Antoin Sevruguin (; 1851–1933) was an Iranian photographer of Armenian-Georgian descent, in Persia during the reign of the Qajar dynasty (1785–1925).

Early life
Born into a Russian family of Armenian-Georgian origin in the Russian embassy of Tehran, Iran: Antoin Sevruguin was one of the many children of Vasily Sevryugin and a Georgian "Ms. Ashin". Vasily Sevryugin (or Vassil de Sevruguin) was a Russian diplomat to Tehran. Achin had raised her children in Tbilisi, Georgia, because she was denied her husband's pension. After Vassil died in a horse riding accident Antoin gave up the art form of painting, and took up photography to support his family. His brothers Kolia and Emanuel helped him set up a studio in Tehran on Ala al-dawla Street (today Ferdowsi St.).

Celebrity

Many of Antoin's photographs were taken from 1870-1930. Because Sevruguin spoke Persian as well as other languages, he was capable of communicating to different social strata and tribes from his country Iran. His photos of the royal court, harems, and mosques and other religious monuments were compared to the other Western photographers in Persia. The reigning Shah, Nasir al-Din Shah (reigned from 1846–1896) took a special interest in photography and many royal buildings and events were portrayed by Sevruguin.

Landscape photography
Because Sevruguin travelled Persia and took pictures of the country, his travels record the Iran as it was in his time. Sevruguins pictures show Tehran as a small city. They show monuments, bridges and landscapes which have changed since then.

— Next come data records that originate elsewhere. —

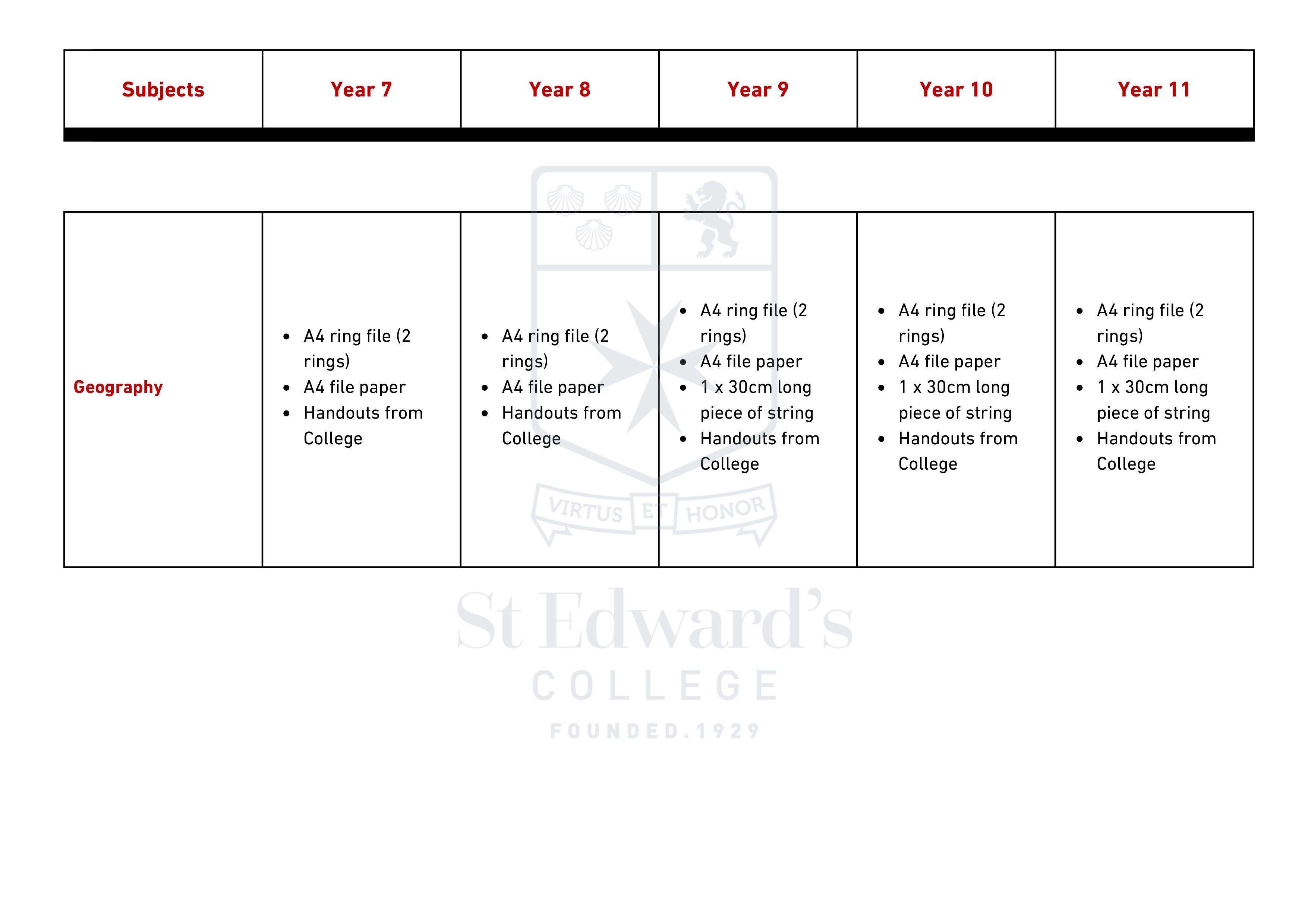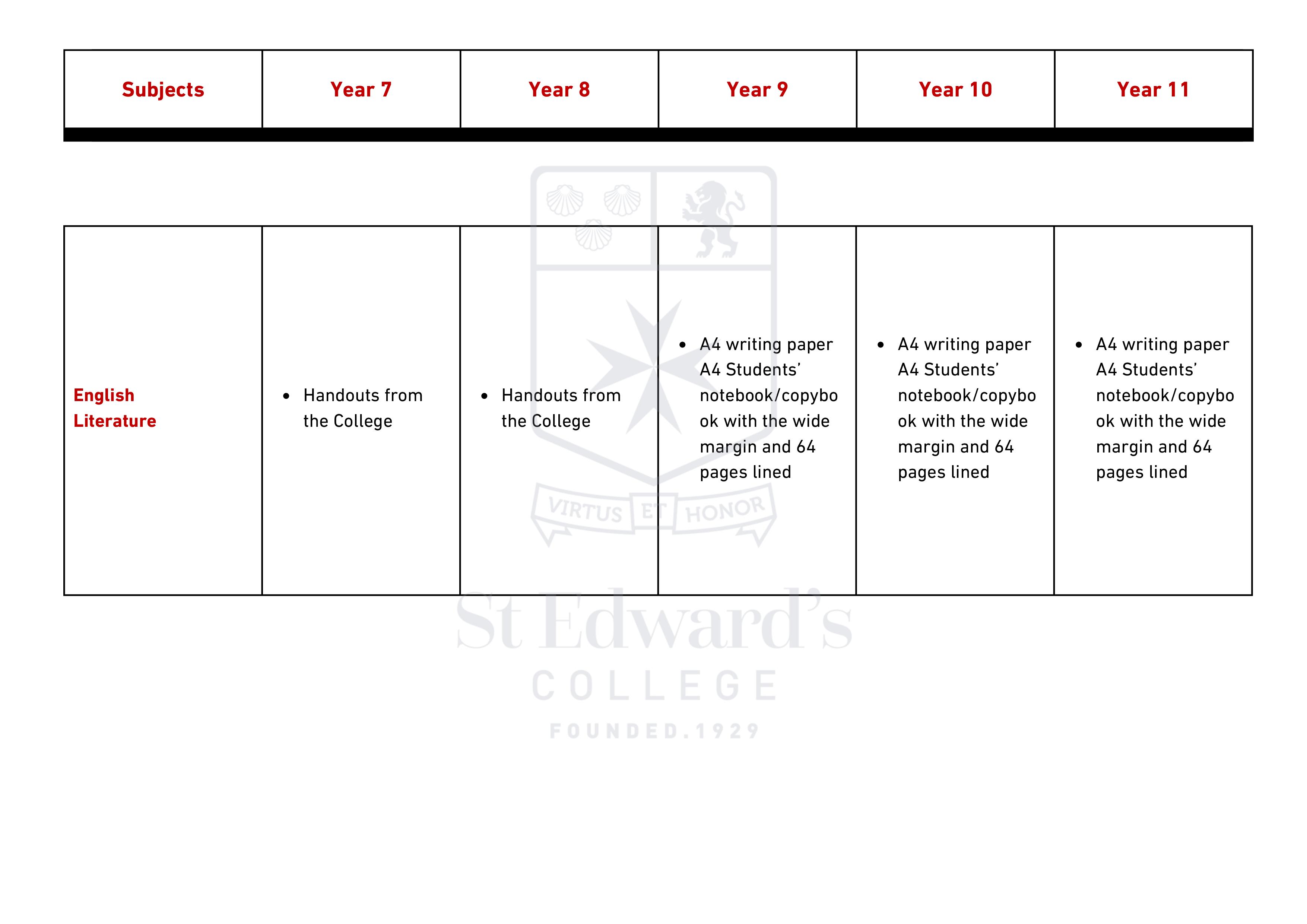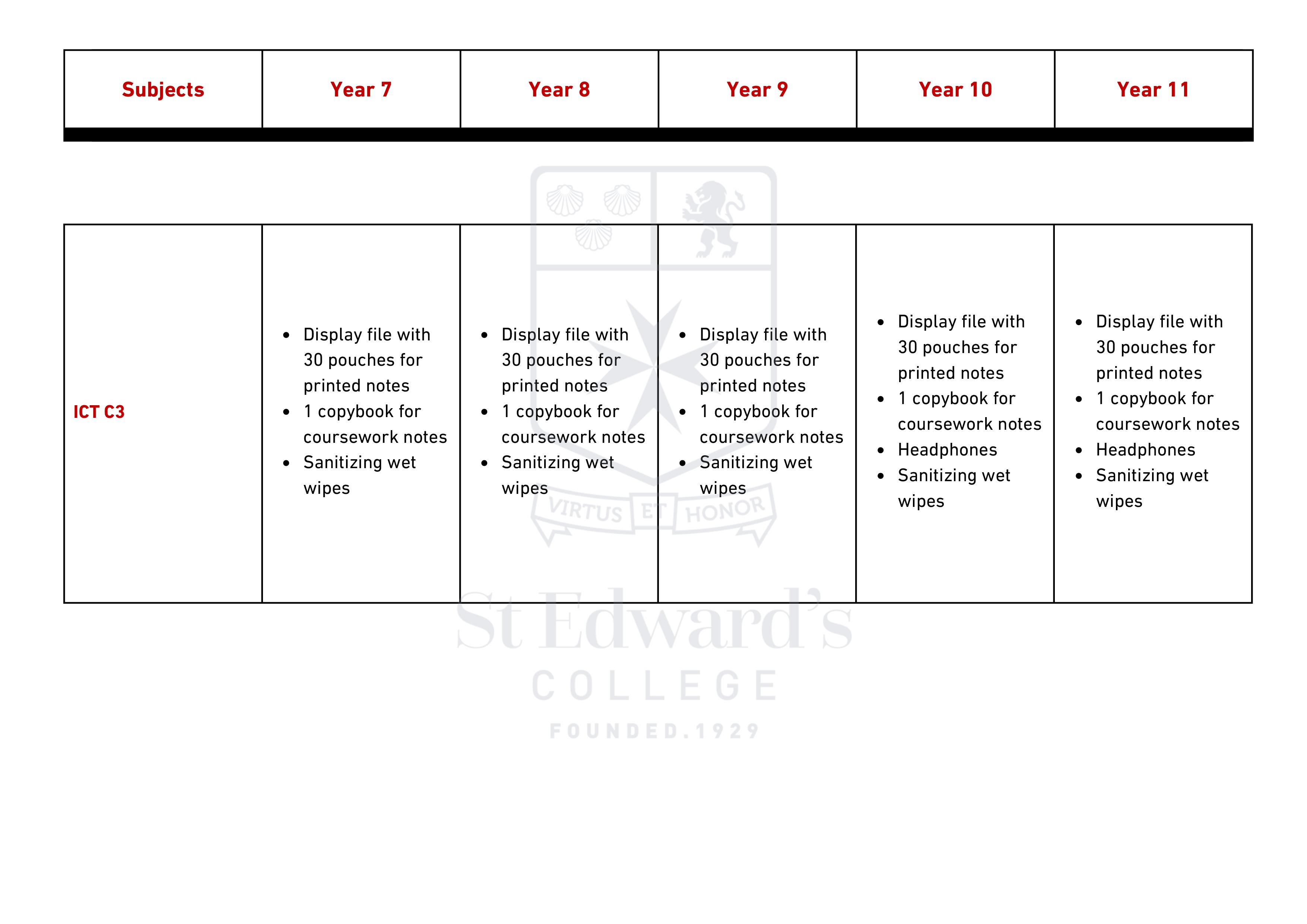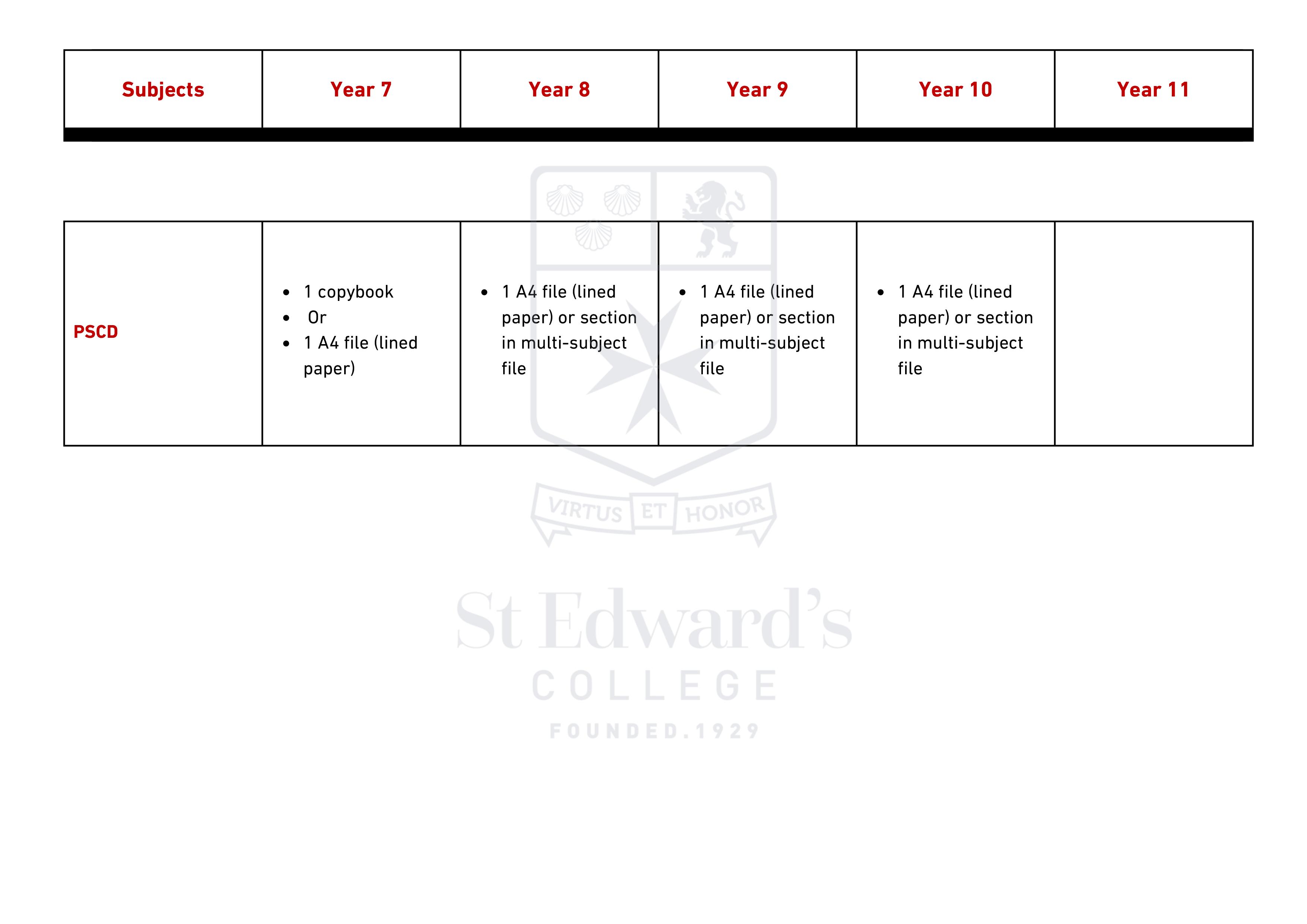 Middle & Senior School - Items Required for Scholastic Year 2025 – 2026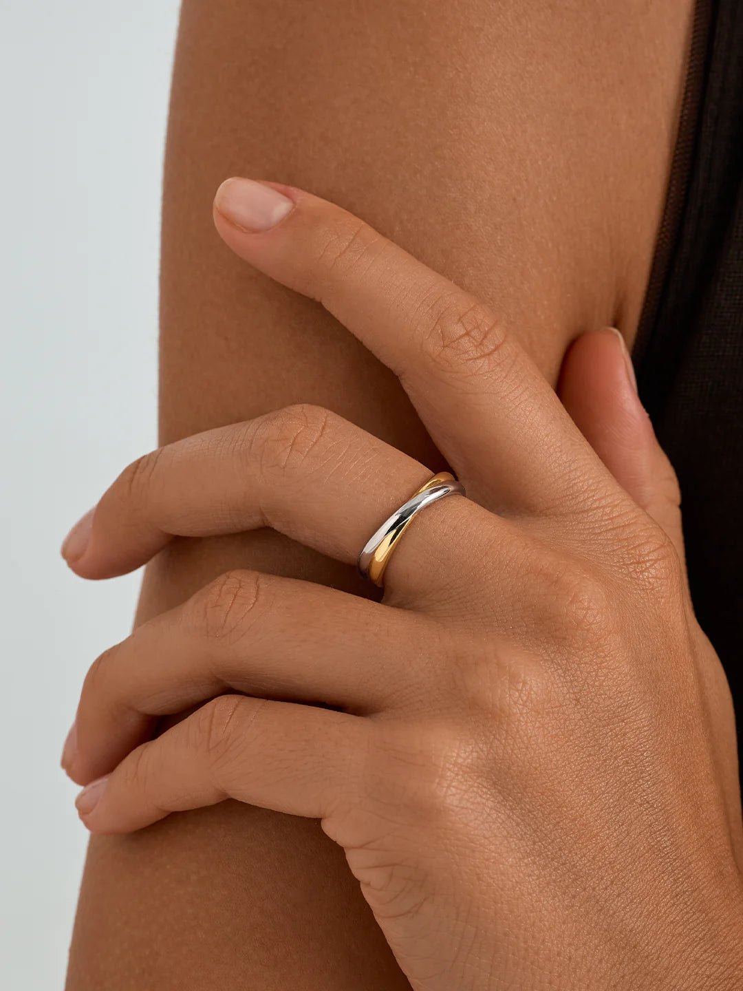 This Mixed Entwine Ring features a bold, intertwined design, seamlessly blending the elegance of gold with the striking contrast of silver. It delivers a statement look that’s effortlessly chic. Pair it with designs from our mixed-metal collection to elevate your style. Redefine classic elegance with this eye-catching, mixed-metal beauty.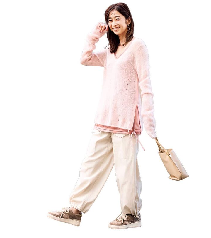 カジュアル服をブラッシュUPする戦略的レイヤード。ピンクの濃淡や異素材をレイヤードして上級コーデに。トップスが甘カラーな分、ボトムスはスポーティなパラシュートパンツで〝スポ可愛〟を意識、ヘルシーに寄せて。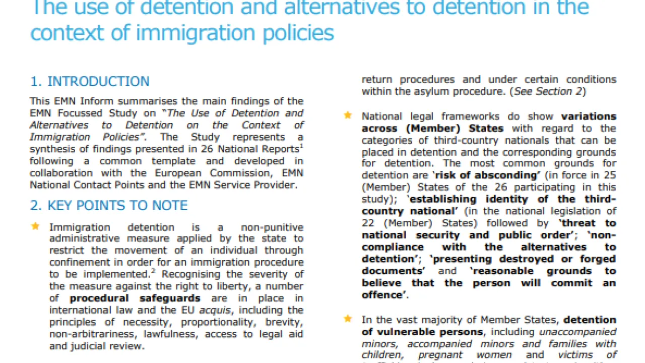 The use of detention and alternatives to detention in the context of immigration policies Type Inform Category EU-Level Year 2014 Download (EN) Download (DE) Share Facebook X LinkedIn WhatsApp Email The corresponding study to this EMN Inform can be found here.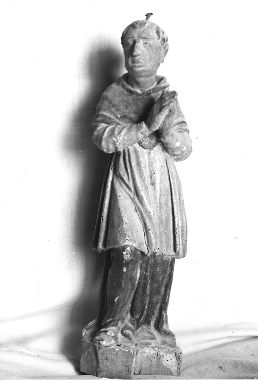- NOTIZIE STORICO CRITICHE Il santo, che verosimilmente faceva parte del tabernacolo ligneo della chiesa, è raffigurato secondo una linea a spirale, evidenziata dagli stacchi cormatici delle vesti. E' curata in modo particolare l'espressione patetica del volto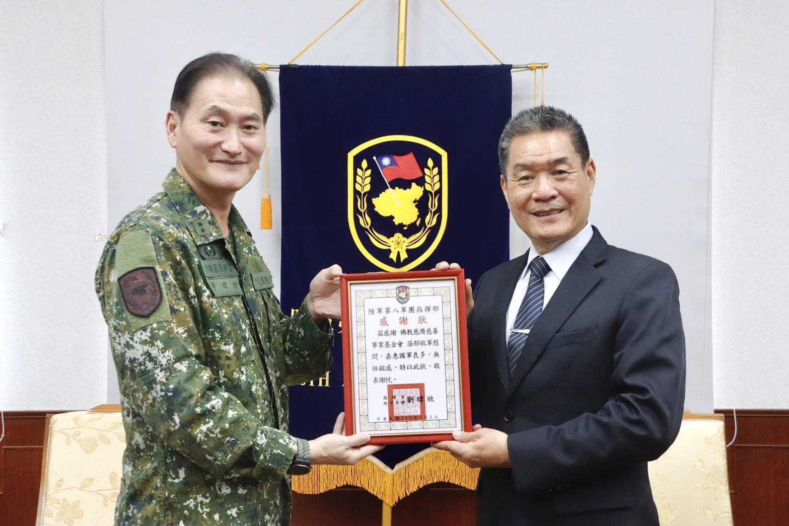 召集人潘機利、副召集人王獻聰、方漢武、方上榮、潘進隆及慈濟高雄區公傳召集人鄭楊慶等人,前往陸軍八軍團拜會,向國軍弟兄表達尊敬與感謝,受到陸軍八軍團中將指揮官劉暐欣與各級相關官員的歡迎。

Ethnographical photography
Some of Sevruguin's portraiture fed preexisting stereotypes of Easterners but nevertheless had a commercial value and today prove to be historical records of regional dress.
Photographic studios in the nineteenth century advertised a type of picture known in French as "types". These were portraits of typical ethnic groups and their occupation. They informed the European viewer, unfamiliar with Persian culture, about the looks of regional dress, handcraft, religion and professions. Photographing regional costumes was an accepted method of ethnological research in the nineteenth century. Many European ethnological museums bought Sevruguins portraiture to complement their scientific collection. Museums collected pictures of merchants in the bazaar, members of a zurkhana (a wrestling school), dervishes, gatherings of crowds to see the taziyeh theatre, people engaged in shiite rituals and more. Sevruguins portraits were also spread as postcards with the text: 'Types persans'.
Sevruguin was a photographer who had no boundaries in portraying people of all sorts of social classes and ethnic backgrounds. He portrayed members of the Persian royal family as well as beggars, fellow countrymen of Iran or Westerners, farmers working fields, womenweavers at work, army officers, religious officials, Zoroastrians, Armenians, Lurs, Georgians, Kurds, Shasavan, Assyrians, and Gilak.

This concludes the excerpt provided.